While lithium-ion batteries will no doubt continue to play a major role, several new technologies have thus far demonstrated validity. One of the most exciting possibilities is flow batteries, a technology with a well-suited application in LDES. Battery start-ups, including XL Batteries and Quino Energy, use a flow battery architecture to build energy storage systems suited for long-term storage. Flow batteries offer a low cost for longer-duration storage, easily accessible materials, and a technology that can be easily scaled.
Another technology that may be well-positioned for emergence in LDES is Zinc-Ion Batteries. Like flow batteries, the required materials are available across the globe. In the case of zinc, it is mined and refined in over 45 countries. Zinc-flow batteries have a possible storage of 100 hours, far surpassing the current definition of long-term storage
While the most obvious application for many LDES technologies is as a grid backup, slow-moving utilities continue to hamper rapid adoption. Thomas Sisto, CEO and Co-Founder of XL Batteries, outlined several other instances where new energy storage technologies could find early adopters. These include heavy industries, such as mining, which continue to rely on diesel generators. Creating markets that can facilitate the scaling of these technologies is particularly important for new battery technologies, which have an inherently high cost barrier to entry.
One of the most common concerns with battery development is access to required materials. This is particularly true for Lithium-Ion batteries, where China dominates production, and the required materials are centered in only a few countries. China currently controls between 70-90% of the entire battery value chain, from mineral extraction, processing, and battery manufacturing. The best hope for avoiding a continued reliance on Chinese battery imports will be the development and commercialization of the new energy storage technologies currently under development.
The challenge of bringing a new energy storage technology to market is in large part due to the immense start-up costs. As Rajan Kumar, CEO and Founder of Ateios Systems, explained, one key challenge in developing new energy storage technology is the need for rapid scalability while minimizing additional expenses. The Ateios method of light-based electrode manufacturing, combined with roll-to-roll processes, can be adjusted for various battery chemistries. However, the hundreds of millions of investment dollars required to build a battery manufacturing plant may hinder US storage development and manufacturing. Ateios, therefore, chose to partner with the Battery Innovation Center in Indiana as a way to test and develop production methods while keeping costs low.

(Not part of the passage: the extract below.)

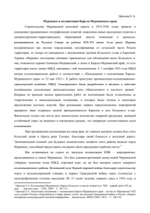 Орехова Е.А. Мурманск и колонизация Карело-Мурманского края. Строительство Мурманской железной дороги в 1915-1916 годах привело к изменению традиционных географических понятий, появлению новых населенных пунктов и административно-территориальных образований, внесло изменения в процессы, развивавшиеся на Русском Севере на рубеже XIX-ХХ веков. Если ранее Мурман воспринимался как вполне определенная, изолированная от остальной части России территория, то теперь он связывается с внутренними частями Кольского п-ова и Карелией. Термин «Мурман» постепенно начинает применяться для обозначения всего Кольского п- ова, появляется термин Олонецко-Мурманский, а затем и Карело-Мурманский край, то есть территория вдоль линии МЖД, связанная с ней экономически. С 1 октября 1923 года МЖД начала колонизационную работу в соответствии с «Положением о колонизации Карело- Мурманского края» от 25 мая 1923 г. К работе приступил промышленно-колонизационно- транспортный комбинат МЖД. Одновременно были разработаны и введены в действие посвященные колонизации законодательные акты общесоюзного и местного уровня . 1 Впервые ко времени начала практических работ по колонизации были установлены ее теоретические и законодательные положения, в которых были учтены и некоторые предложения местных властей. При реализации первых переселенческих мероприятий приоритет явно отдавался лесной промышленности Карелии и юга Кольского п-ова. Фактически только она могла дать значительное количество товарной продукции, имевшей устойчивый спрос на внешнем и внутреннем рынках, что напрямую соответствовало цели колонизации. При продвижении колонизации на север края, её главным центром должен был стать Кольский залив и берега реки Туломы, благодаря своей близости к железной дороге. Экономической основой для будущих колонистских хозяйств этого района являлся город Мурманск, способный предоставить им рынки сбыта продукции и рабочие места . 2 Мы остановимся на одном из эпизодов колонизации КМК – мероприятиях, проводившихся в самом Мурманске. Это был административный центр новой Мурманской губернии, конечная точка МЖД, торговый порт, он же был центром самого северного колонизационного района. Возникший ходе Первой мировой войны благодаря строительству порта и железнодорожной станции, в период Гражданской войны город столкнулся с катастрофическим оттоком населения. Из 15 тысяч человек, живших здесь в 1916 году, в 1 Орехова Е.А. Колонизация Мурманского берега Кольского п-ова во второй пол. XIX – первой трети ХХ вв.: дисс. … канд.ист.наук. – СПб., 2009. – С. 107-111. 2 Орехова Е.А. Подготовка положения о колонизации Карело-Мурманского края – взгляд из Мурманска//1922 год в судьбах России и Европейского Севера: финал, итоги, последствия Гражданской войны в России: сборник материалов международной научной конференции. - Архангельск: ИПЦ САФУ, 2012. - С. 140-142.
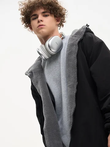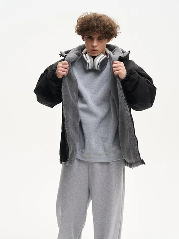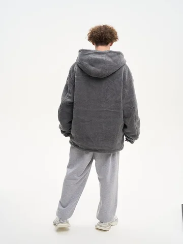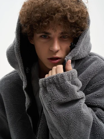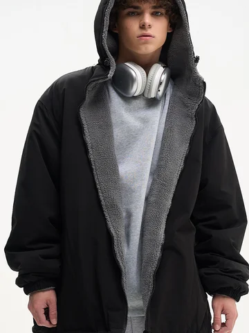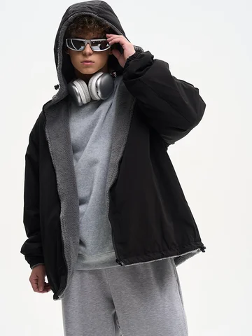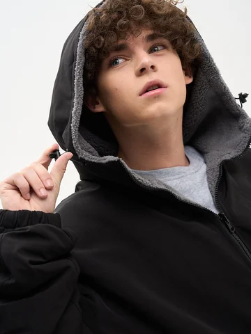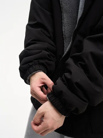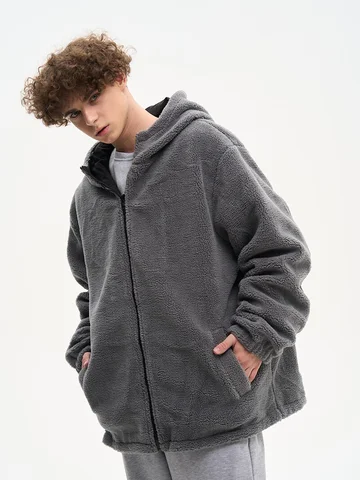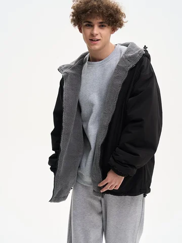 ДВУХСТОРОННИЙ НАЧЕС. Куртка оверсайз. Унисекс. На одной стороне - водоотталкивающая курточная ткань. Другая сторона из исскуственного меха "шерпа". Карманы по обеим сторонам. Тракторная молния. В капюшоне и по низу продета шляпная резинка со стопперами.

Like any other aspect of clean energy, long-duration storage is not a one-size-fits-all. Accurate measurement of different systems is crucial for selecting appropriate storage systems that match renewable projects. Ravi Manghani explained how Anza, a software program with BESS product procurement and analytics, enables the standardization of information on energy storage systems by creating a platform that compares lifecycle costs and product specifications, all with the goal of risk elimination and improved selection. To encourage the widespread adoption of battery storage systems, all this data must be readily available to project developers. Theis platform provides information on BESS companies' track records, allowing customers to estimate their payment terms for cash flow projections, and ensuring safety.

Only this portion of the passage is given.